We can use strace (which traces system calls) to follow this startup code. Here is the output from that program:
$ strace ./hello ...
brk(0) = 0x85b0000
The call to brk(0) is a “trick” to determine the location of the program’s heap. (The heap is the memory area used for dynamic memory by the program.)
access("/etc/ld.so.nohwcap", F_OK) = -1 ENOENT (No such file or directory)
This call to access looks for a file called “/etc/ld.so.nohwcap” but the call returns the error, ENOENT, meaning the file does not exist.
mmap2(NULL, 8192, PROT_READ|PROT_WRITE, MAP_PRIVATE|MAP_ANONYMOUS, -1, 0) = 0xb7704000
This call to mmap2 requests 8K of additional memory from the kernel which maps it into address 0xb7704000.
Note: There is a Linux security feature, called “address space layout randomization”, which is designed to deter certain forms of hacking by making it difficult to predict where code will reside. The result is that memory is allocated in different locations each time the program is run. For example, the above memory area was allocated by the kernel at 0xb7704000. However, on a previous run of the same program on the same system, this memory had been allocated at 0xb77b7000.
access("/etc/ld.so.preload", R_OK) = -1 ENOENT (No such file or directory)
Looking for another file, “/etc/ld.so.preload” which also does not exist.
open("/etc/ld.so.cache", O_RDONLY|O_CLOEXEC) = 3
fstat64(3, {st_mode=S_IFREG|0644, st_size=97882, ...}) = 0
mmap2(NULL, 97882, PROT_READ, MAP_PRIVATE, 3, 0) = 0xb76ec000
close(3) = 0
The above four system calls result in mapping the file /etc/ld.so.cache into memory at 0xb76ec000.
- open() opens the file.
- fstat64() returns, among other things, the size of the file (which will be used by the mmap2 call).
- mmap2() maps the file into memory.
- and close() closes the file.
ld.so.cache is a file that contains information about the location of system libraries within the file system. This file, which was created by the ldconfig utility program, is used to speed up the locating of standard shared libraries.
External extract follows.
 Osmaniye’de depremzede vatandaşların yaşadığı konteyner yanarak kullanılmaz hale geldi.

open("/lib/i386-linux-gnu/libc.so.6", O_RDONLY|O_CLOEXEC) = 3
read(3, "\177ELF\1\1\1\0\0\0\0\0\0\0\0\0\3\0\3\0\1\0\0\0\340\233\1\0004\0\0\0"..., 512) = 512
fstat64(3, {st_mode=S_IFREG|0755, st_size=1754876, ...}) = 0
mmap2(NULL, 1759868, PROT_READ|PROT_EXEC, MAP_PRIVATE|MAP_DENYWRITE, 3, 0) = 0xb753e000
mmap2(0xb76e6000, 12288, PROT_READ|PROT_WRITE, MAP_PRIVATE|MAP_FIXED|MAP_DENYWRITE, 3, 0x1a8000) = 0xb76e6000
mmap2(0xb76e9000, 10876, PROT_READ|PROT_WRITE, MAP_PRIVATE|MAP_FIXED|MAP_ANONYMOUS, -1, 0) = 0xb76e9000
close(3) = 0
The above steps are where the C run-time library, libc.so, is actually mapped into memory. There are three calls to mmap2 for three portions of the file: executable instructions, constant data, and global variable data.
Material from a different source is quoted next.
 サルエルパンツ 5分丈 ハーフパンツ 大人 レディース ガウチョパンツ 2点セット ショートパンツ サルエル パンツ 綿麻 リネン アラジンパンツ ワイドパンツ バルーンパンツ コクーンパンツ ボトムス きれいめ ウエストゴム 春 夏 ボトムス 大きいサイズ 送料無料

mmap2(NULL, 4096, PROT_READ|PROT_WRITE, MAP_PRIVATE|MAP_ANONYMOUS, -1, 0) = 0xb753d000
This system call adds an additional memory area immediately above the area used by the main program. This area will be used for various housekeeping information about the program.
set_thread_area({entry_number:-1 -> 6, base_addr:0xb753d940, limit:1048575, seg_32bit:1, contents:0, read_exec_only:0, limit_in_pages:1, seg_not_present:0, useable:1}) = 0
This call to set_thread_area tells the kernel to set up a TLS (Thread Local Storage) data area. Note that the address is within the memory area most recently allocated.
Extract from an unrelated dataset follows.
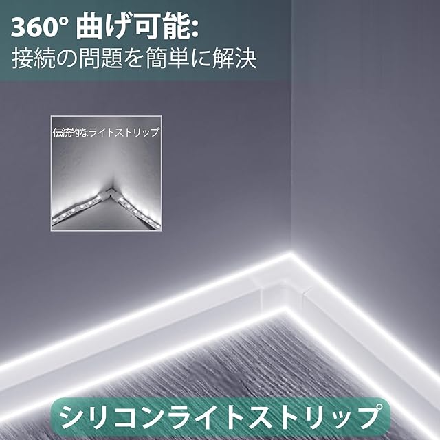明るく均一な照明— 2400個の高輝度昼光色LEDを搭載したLEDテープライトで、6000Kの色温度により、120度の広範囲にわたって柔らかく均一な光を提供します。

mprotect(0xb76e6000, 8192, PROT_READ) = 0
mprotect(0x8049000, 4096, PROT_READ) = 0
mprotect(0xb7727000, 4096, PROT_READ) = 0
These mprotect statements change the memory protection to read-only for lib.so constants, the program’s constants, and ld.so’s own constants,
respectively.
munmap(0xb76ec000, 97882) = 0
The memory area previously mapped from ld.so.cache is now removed from memory by munmap.
At this point the shared libaries are mapped into memory. (In our case, there is only one, libc.so)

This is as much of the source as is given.